An End to Mud Season


| 12/13/2017 2:47:00 PM


Tags: Wisconsin, Laura Berlage, homestead humor, livestock care, winter homesteading,

woolly sheep in barn

I don’t think that Mother Nature was listening when I made my rant about the omnipresent condition of the mud this year.  She turned a deaf ear, continued on with the rainy, cloudy, dreary schedule, threw in some snow just for fun, and simply wouldn’t let up. 

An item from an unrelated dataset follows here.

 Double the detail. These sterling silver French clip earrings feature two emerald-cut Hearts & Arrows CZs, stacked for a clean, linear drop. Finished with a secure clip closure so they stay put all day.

The mud continued through the rush for winterizing the farm—cleaning coops, moving hay bales, mulching carrots, picking Brussels sprouts, gathering fallen apples for the pigs.  Sometimes I’d have to wash my chore overalls every night, there’d be so much mud caked on the cuffs and knees.  No wonder walking became laborious—there was a lot of extra weight on board!

For two days, we dug up all the rest of the potatoes, kneeling in the mud with soggy gloves, piling the buried treasure in cardboard boxes and hauling them down to the farmhouse root cellar before conditions grew too cold.  Volunteers joined in, bringing their clean, new potato forks and work gloves.  Well, they weren’t so clean and new looking by the time we called it a day!

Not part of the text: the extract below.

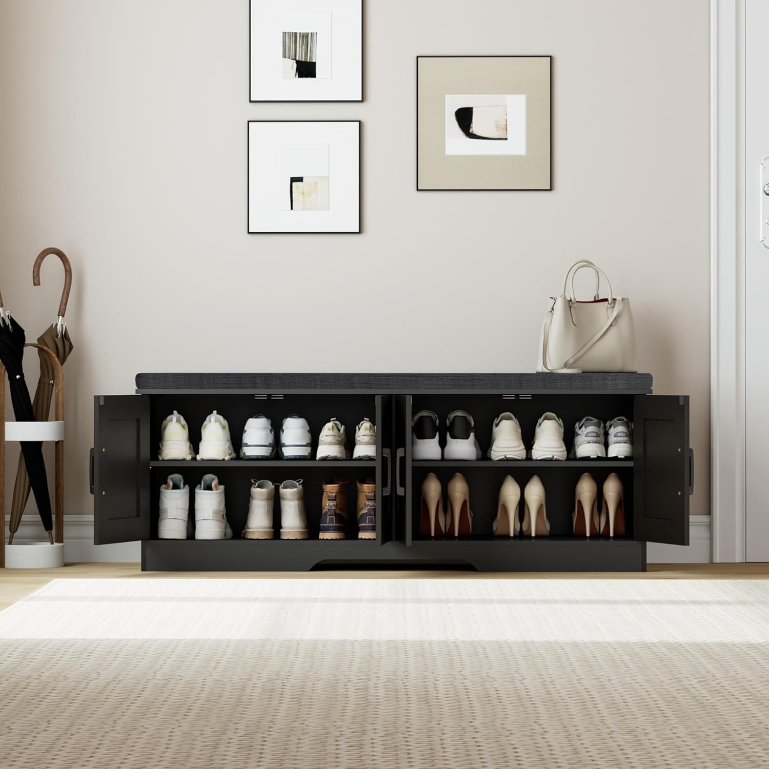- More Comfortable Shoe Change Cabinet: With a 25 mm sponge cushion on the bench top, you can change shoes by sitting on the bench more comfortable without bending down or squatting

Kara hauled loads and loads with the skid-steer of soppy, muddy manure pack to pile up for compost beside the garden.  By springtime, it will be ready for spreading and turning into the sandy soils for growing next summer’s cucumbers and broccoli.  The mound made an earthen berm, just north of the duck pen.  It blocked the wind, which the ducks rather enjoyed during their last days by the garden.

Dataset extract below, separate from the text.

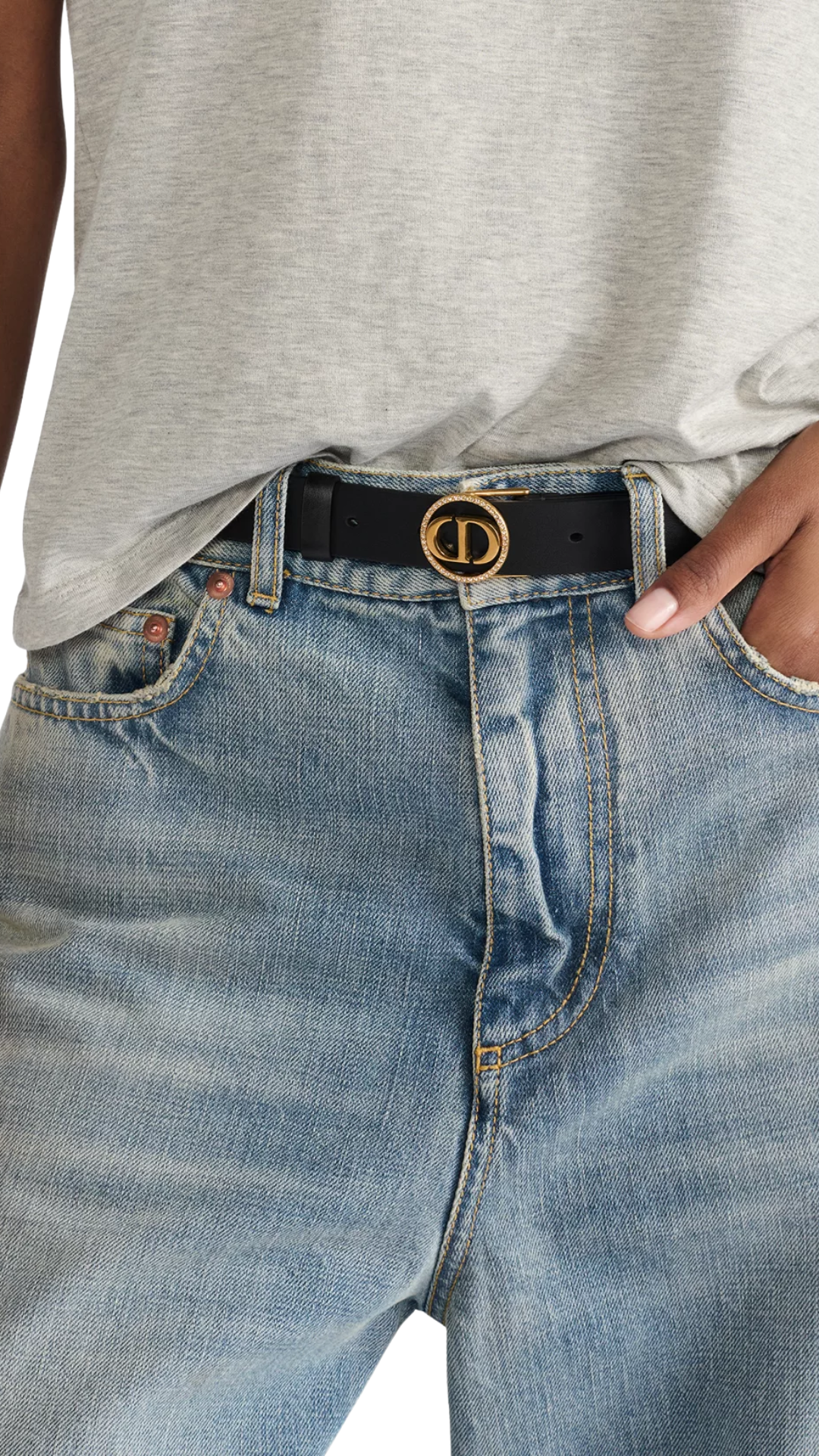 30 Montaigne Circled Belt in Black Smooth Calfskin and Silver-Tone Crystals

And then, well, Mother Nature decided she would try on her winter wardrobe, liked the fit, and just didn’t put it away in the closet again.  Just when I thought that surely the pigs would simply disappear into the muck or that the golf cart was no longer going to be able to make it up the small hill to the barnyard, slipping and sliding in the greasy soil beneath the wetted grass, nature’s costume change arrived.